The United Nations General Assembly urged the U.N. Security Council in December to consider referring North Korea to the ICC after a U.N. inquiry detailed wide-ranging abuses in the hermit Asian state comparable to Nazi-era atrocities.
“We are not worried at all because at every move we can strongly respond to such a move and we are not guilty of any crime,” North Korea’s U.N. ambassador, Jang Il Hun, told a news conference at the country’s mission to the United Nations.
“We totally reject and categorically deny all those claims,” he said.
China, a strong ally of Pyongyang, is likely to veto any Security Council bid to refer North Korea to the ICC, diplomats say.
Jang also said he asked the United States to scrap a conference on human rights in North Korea to be held at Washington’s Center for Strategic and International Studies (CSIS) think tank on Tuesday.

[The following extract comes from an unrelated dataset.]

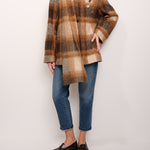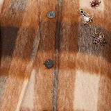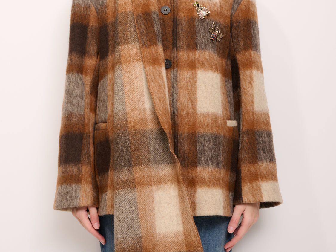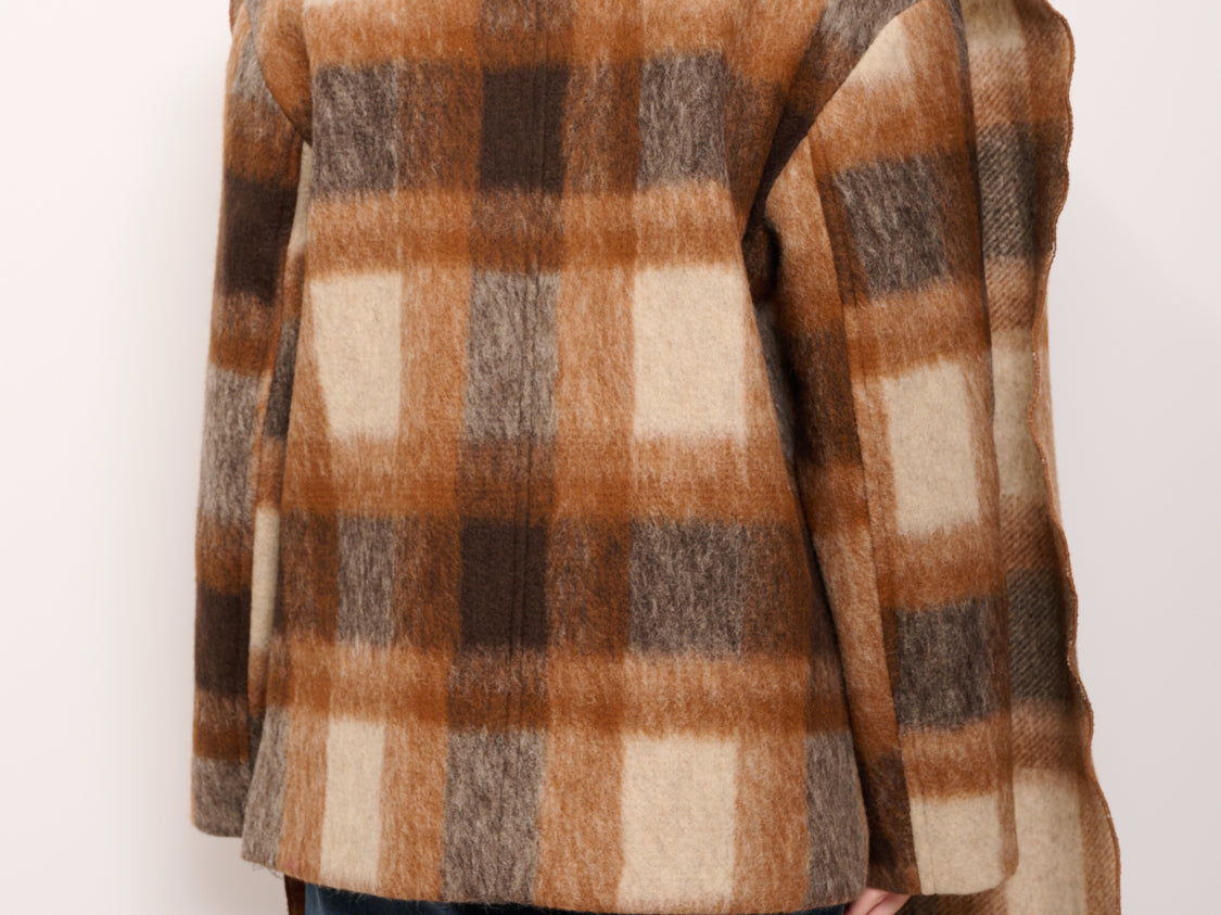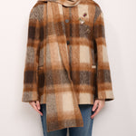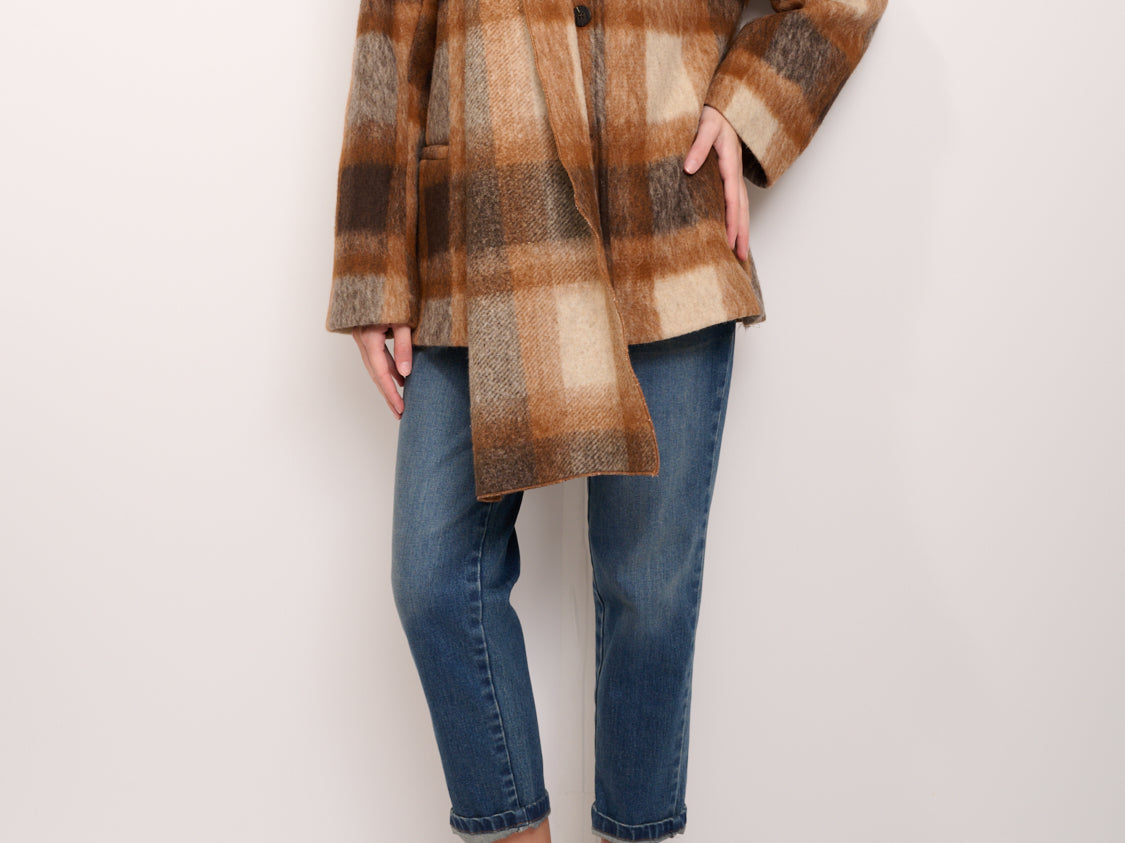 TENSIONE IN - CAPPOTTO QUADRI CON SCIARPA - TABACCO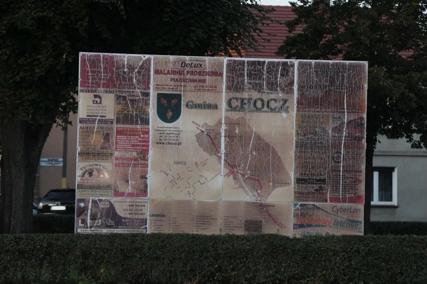 Na rynku w Choczu znajduje się tablica reklamowo-promocyjna. Umieszczono ją tam w celu zaprezentowania przedsiębiorców działających w gminie i okolicy. Rzeczywiście, można znaleźć na niej numery telefonów do miejscowych firm, ale wielu zastanawia się - czy są one aktualne? Tablica stoi bowiem w centrum miasta już od kilku lat, co zdradza jej obecny stan. Z biegiem czasu - plansza zaczęła niszczeć i dzisiaj nie wygląda atrakcyjnie.

“We also demanded that in case the conference is enforced as scheduled then we had to participate ... as a party directly concerned,” he said. “I sent a formal request to my counterpart in the State Department and he responded that it’s not a U.S. government event. So it means our request was denied.”
Asked about the North Korean request, a spokesperson for the U.S. State Department said it was a privately organized event, while adding:
“The wide range of participants from around the world reflects the international community’s continued concern with the dire human rights situation in North Korea.”
Conference chair Victor Cha, the head of the CSIS Korea program, said the meeting was open to the public and the think tank generally does not issue specific invitations.
North Korean diplomats at the United Nations need State Department permission to travel outside of New York City, Cha said.
Scheduled speakers at the conference include Michael Kirby, head of the U.N. Commission of Inquiry into rights abuses in North Korea; Marzuki Darusman, the U.N. special rapporteur on human rights in North Korea; and Robert King, the U.S. special envoy for North Korean human rights issues.
“This event is a futile attempt on the part of the United States and South Korea to give credibility to the Commission of Inquiry report amid increasing skepticism ... the report was based on fabricated forced testimonies,” Jang said.
A North Korean prison camp survivor last month recanted key elements of his account of torture and subsequent escape from a North Korean prison camp.